Também já fui brasileiro

Por que nos identificamos tão pouco com esse patrimônio simbólico da nacionalidade que é a seleção brasileira?

"T AMBÉM JÁ FUI brasileiro, moreno como vocês", diz o poema de Drummond. Pois é, eu já torci loucamente pela seleção brasileira, qualquer que fosse o rival. Terça-feira, porém, lembrei que tinha jogo do Brasil quando estava no 2º tempo. O placar de 2 a 0 para o México não me comoveu. Dois dias depois eu estava a postos desde o primeiro minuto para ver Argentina x EUA. E foi de fato uma partida muito mais interessante.
Podem me acusar à vontade de falta de "patriotismo", desde que me expliquem o significado dessa palavra, se é que ela ainda tem algum. Para alguns, patriotismo é votar no Cristo Redentor como maravilha do mundo e cantar o hino com a mão no peito e expressão compungida, mesmo que no momento seguinte o "patriota" em questão esteja perpetrando maracutaias, destruindo o ambiente e sacaneando o próximo com a meta de comprar a casa de novo-rico em Miami, em cuja janela estenderá, claro, a bandeira verde-amarela se houver jogo do Brasil.
Não, não sou patriota. Como já escrevi aqui, em lugar da "pátria de chuteiras", da "corrente pra frente em torno da amarelinha", eu me sinto mais próximo da "pátria das chuteiras", isto é, da confraria supranacional que congrega idealmente praticantes e aficionados de um futebol bonito, empolgante e criativo. Pode ser Henry, Messi, Dodô ou o centroavante do time de várzea da rua aqui do lado, pouco importa: se ele tratar a bola com imaginação e carinho, sou seu amigo, seu irmão. Estou escapando do assunto.

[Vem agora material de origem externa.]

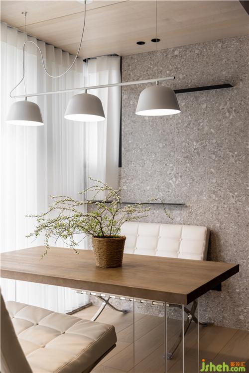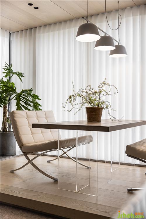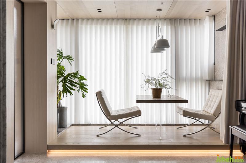 晨曦或午后,光線從白色夢(mèng)幻簾穿透到室內(nèi),暖色木飾面在燈光的映襯下為空間增添溫度,休閑沙發(fā)桌椅組合的配置,豐富了休閑陽(yáng)臺(tái)的功能.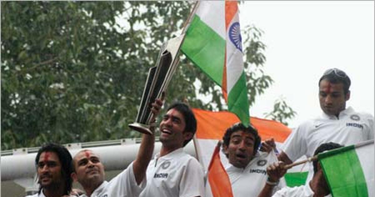 Yuvraj and Sreesanth have established themselves as the cheerleaders, dancing non-stop on the roof of the bus, and exhorting the fans lining the roads to applaud, to dance, to celebrate. The bus is travelling at a little over walking pace along Mumbai roads, trailing the contingent of fans running alongside, and the media in two buses following the team bus.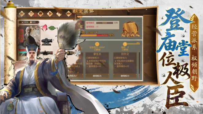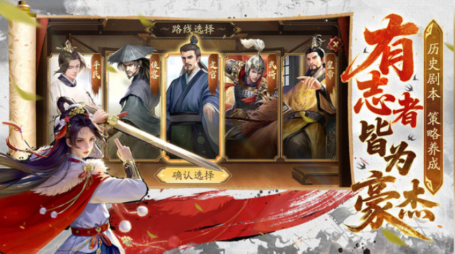 1、角色扮演:选择身份(如皇帝、侠客)后,通过治理朝政、江湖闯荡或舌战群儒等专属路线成长。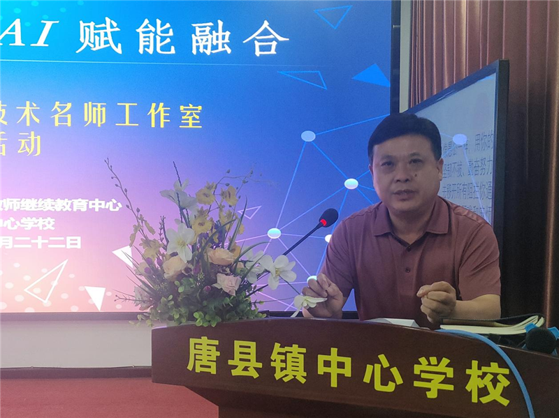 活动伊始,唐县镇中心学校校长吴小林在开班仪式上发表热情致辞。他代表学校对送教团队和参训教师表示热烈欢迎。他说:“本次培训是城乡教育资源共享的生动实践,唐县镇将以此次活动为契机,打造智慧教育示范窗口,为乡村学生插上AI时代的翅膀。”吴校长还特别提到,学校将全力保障培训落地,推动“技术赋能课堂”从理念走向实践,为教育均衡发展注入活力。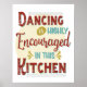 Dancing uppmuntras starkt i den här Poster av köket - förvandla köket till en dans golv när du går över rummet för att laga mat, servera eller bara släppa håret efter en stor dag. Den här smakliga poster är särskilt gjord för dina köksväggar. Det innehåller också en återbildsgrafik i stil med budskapet: Dancing är mycket uppmuntrande i det här köket. Gör roboten eller till och med mashpotatisen ensam eller inbjudan alla dina vänner för att komma ner medan du hugger ner i rummet där all magi händer.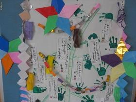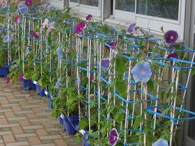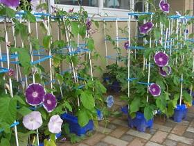 1年生のアサガオが咲き誇っています。この前、強い風が吹いて倒れたりして心配もしたところですが、すぐに元気になって、大きな花をまた咲かせています。特に朝は一斉に花が開くのでとても美しいです。また、1年生は七夕のお願いを書きました。かなえていきましょう。

Quem quiser entender por que a seleção brasileira perdeu prestígio junto aos jogadores e torcedores no futebol globalizado de hoje em dia deve ler a reportagem de capa da revista "Placar" que está nas bancas. A matéria é ótima, mas se limita, claro, aos aspectos esportivos, políticos e econômicos da questão. Há um componente simbólico que é mais difícil de abordar.
A questão que me intriga é: por que nos sentimos tão pouco identificados com esse patrimônio da nacionalidade que é a seleção brasileira de futebol? Por que a relação dos atletas e torcedores argentinos com o seu escrete parece ser tão diferente da nossa, se na economia política global do esporte a situação dos dois países é praticamente a mesma?

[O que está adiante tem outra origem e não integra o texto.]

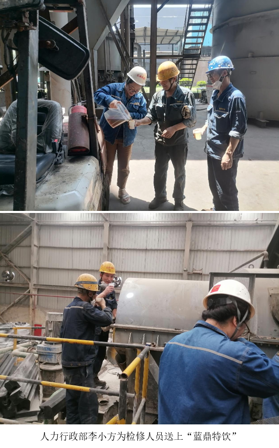 7月17日15时,西昌市气温已升至35 ℃。在生产区球磨机检修平台,机器轰鸣、焊花四溅。西昌全香港最快最准的资料人力行政部李小方提着保温桶,沿着滚烫的钢梯来到作业点,为正在挥汗检修的员工送上刚从冰柜取出的“定制凉茶”。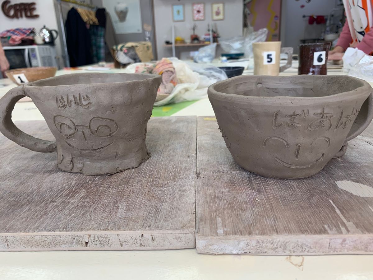 じいじとばあばと結婚記念日祝いのマグカップを手びねりで作りました。お手本のカップよりかなりボリューミィなカップが完成しましたが、先生が優しくわかりやすく丁寧に教えてくださったので、息子も私も大満足です。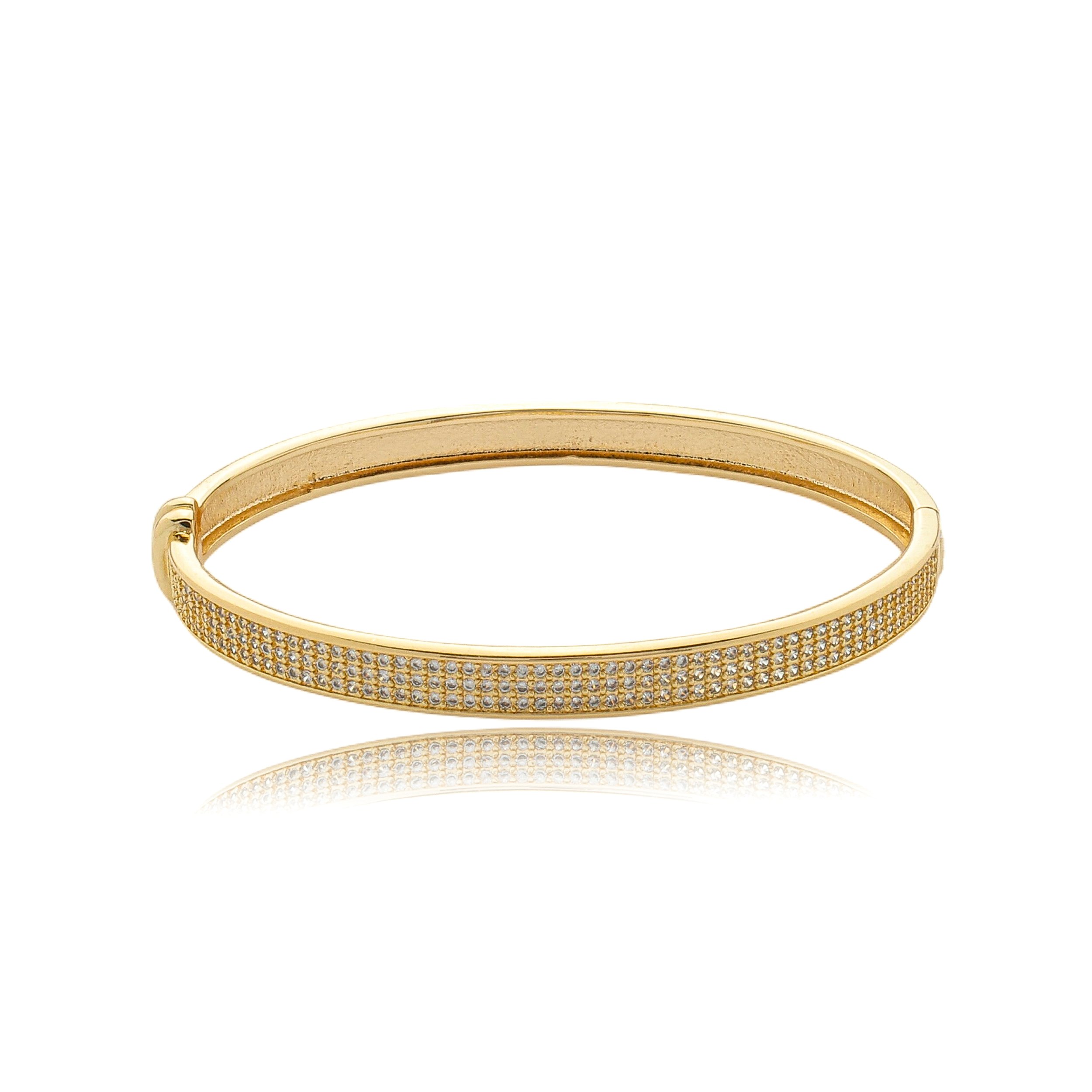 Nosso bracelete é uma peça cravejada de zircônia cristal, sofisticada e atemporal, perfeita para compor qualquer look com elegância. Com banho de ouro 18k, ele oferece um brilho intenso e acabamento refinado, que valoriza ainda mais o seu estilo.

Arrisco chutes. Comparado com o argentino, o brasileiro tem noção muito mais tênue de nacionalidade, de pertencimento a uma coletividade, com tudo o que isso implica de compromisso, renúncia e entrega. Essa diferença se reflete não apenas nos contrastantes graus de participação política, de exercício substantivo da democracia, mas também no comportamento nos estádios de futebol de cada lado da fronteira.
O torcedor argentino costuma apoiar seu clube e sua seleção nacional em qualquer circunstância. No Brasil, quando a seleção ou um clube começa a jogar mal, o torcedor não demora a vaiar, a gritar "olé" a cada passe do rival. O apoio da torcida do Grêmio ao time, após a derrota para o Boca Juniors, foi notável exceção.
Não estou dizendo que a Argentina seja melhor que o Brasil. Se fosse, não haveria mais argentinos vivendo aqui do que brasileiros vivendo lá. O fato é que o argentino é muito mais argentino do que o brasileiro é brasileiro. E me pergunto por quê.